Absolutely. ASCII was a godsend at the time and I take pains to make this clear in the proposal docs. This is a _hindsight_ refactoring.
>Someone thinking that they're going to make oodles of money from some
>supposedly new-and-improved proprietary encoding "standard" that discards
>five-plus decades of legacy intellectual and economic investment, is
>pursuing a fool's errand.
Ha ha, I don't intend to even try to make any money from this. Other objectives.
Though, I'd probably set up a donations channel. Just in case people like it.
> Even companies with resources at the level of
>Apple, Google, Microsoft, etc., aren't that arrogant, and they've
>demonstrated some pretty heavy-duty chutzpah over time. BTW, you won't be
>able to patent what apparently amounts to a lookup table, and even if you
>copyright it,
Patents and copyright are poisons that are crippling intellectual and technological progress. The original concepts were OK, but got over-extended by greed (and still getting worse.) Patents in particular have become a tool for big corporate suppression of any potential competition, while copyright is used to destroy free expression. The entire DRM/copyright legal framework should be nullified.

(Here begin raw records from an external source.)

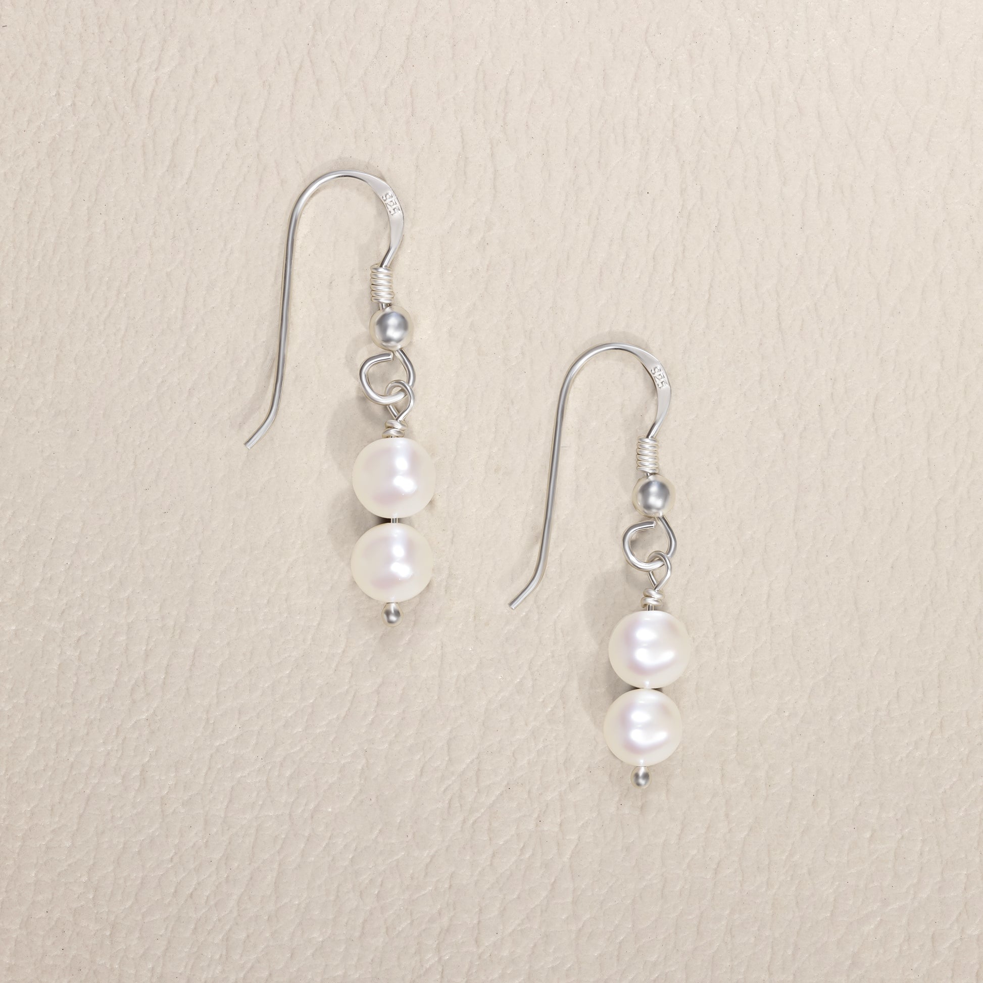 This beautiful pair of earrings is handcrafted in sterling silver with 2 freshwater pearls, and hang from sterling silver ear wires. Each earring measuring just under 3/4" tall and 1/4" wide.
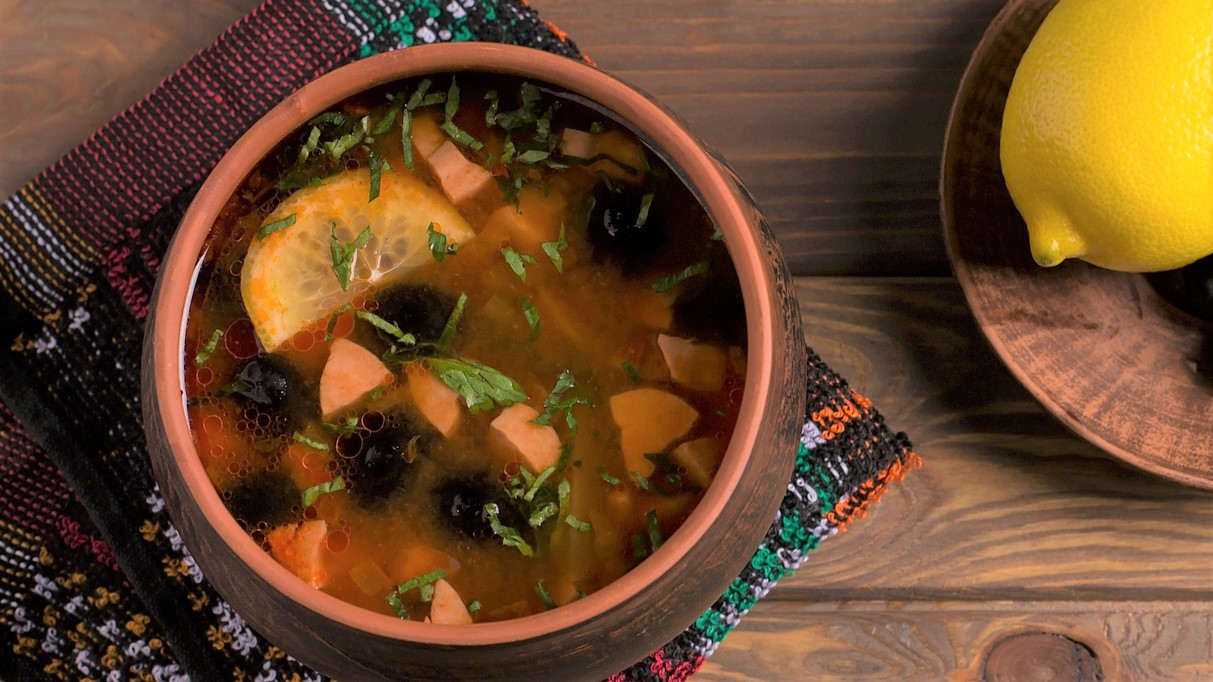 Подавать солянку с ломтиками лимона и мелко нарезанной зеленью.
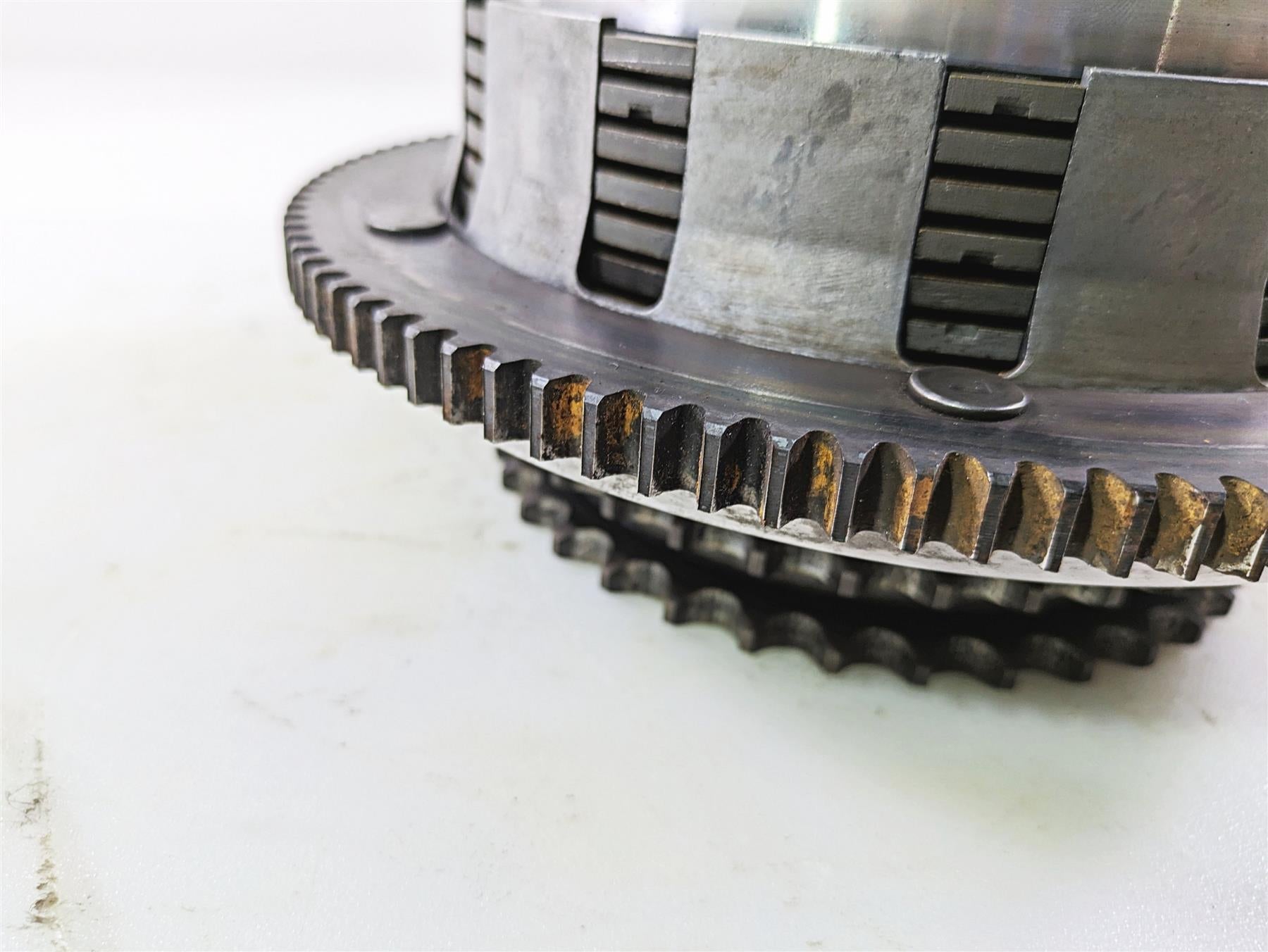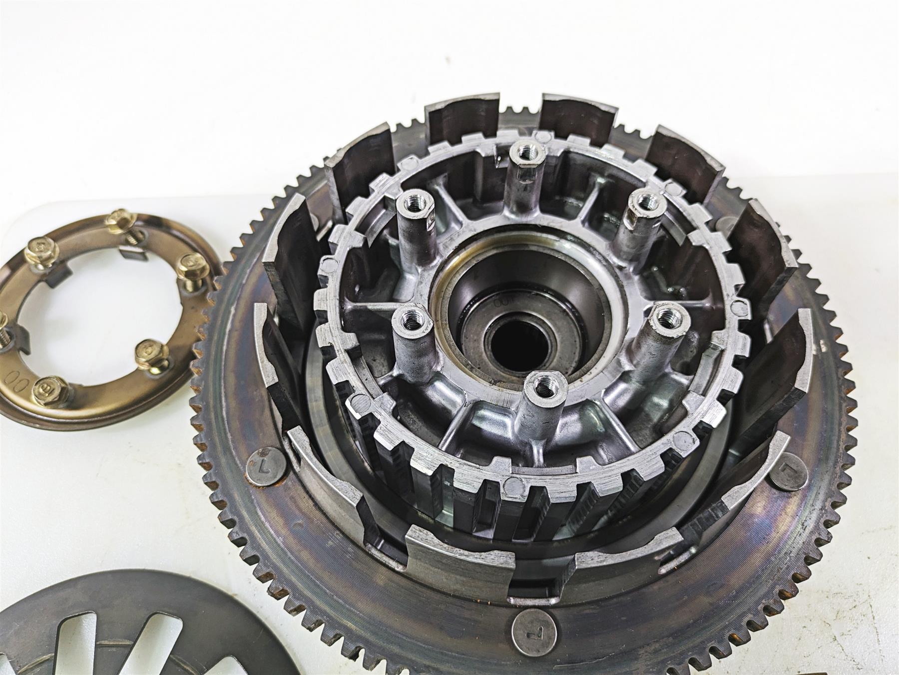 This Primary Drive Clutch Basket Set was parted off the described Bike that had 40726 original miles at the time of disassembly.
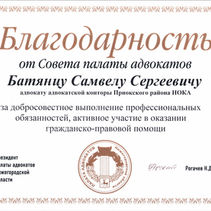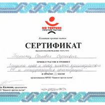 Состою в Палате Адвокатов Нижегородской области. Участник Нижегородского регионального отделения ассоциации юристов Российской Федерации.
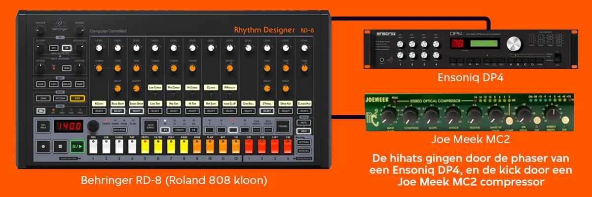 We beginnen bij de drums. Ok, dit kan ik. Op de drumcomputer voer je een patroon in van 16 noten, die als knipperende lichtjes voor je langs schieten. Om het mezelf gemakkelijk te maken stel ik het tempo in op 95 bpm. Dat is een praktische keuze - lekker veel tijd om na te denken - maar direct ook een esthetische. 95 is super traag voor house, maar ik ben een sucker voor muziek met dat tempo. Het is bedwelmend, trippy, als een dj vroeg op de avond met dit tempo begint wil ik er het liefst de hele nacht in blijven hangen. Ik wil zo’n track maken waar je op moet dansen alsof je spaghetti bent. De kickdrum is simpel, die loopt gewoon door. Althans, dat heb ik bij deze besloten. Er zit standaard al iets van effect overheen, niks meer aan doen. Met de rest creëren we een signature sound. Snares natuurlijk, toms, en al snel komen we bij het eerste echt onderscheidende patroontje voor de track: de hi-hats. Ik druk letterlijk razendsnel lichtjes aan en uit terwijl de track doorloopt, en ineens ontstaat er wat met de open en gesloten hats. Vooral als je op het apparaat links van de drumcomputer ook nog een phaser over de hi-hats zet, zodat ze als het ware rond gaan zingen.
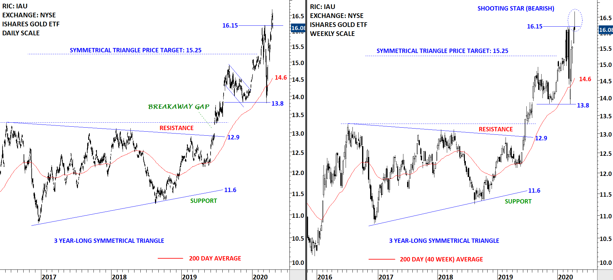 Wild swings between 13.8 and 16.15 has been the norm for the past 2 months. The sharp rebound from 13.8 levels pushed the ETF to test the resistance at 16.15 levels once again. This week’s price action breached the resistance for a short period but failed to close above 16.15 levels. In fact the close, from a candlestick pattern perspective was negative. The pattern is called a shooting star. Price remains above the 200-day average and that is an uptrend. Strong support area remains between 13.8 and 14.5 levels.

This project will be intentionally copyright and patent excluding. Freeware, published, open source, open hardware, etc. Just a conformance symbol, which certifies (among other things) that _nothing_ in the systems & software is under any kind of DRM restriction. People buy or build such a system, they own it entirely.
This is why I can't mention details or coined terminology now.
>True standards are open nowadays - the days of proprietary "standards" are
Except that by 'open' they usually mean you can pay a lot of money for a copy of the standard doc.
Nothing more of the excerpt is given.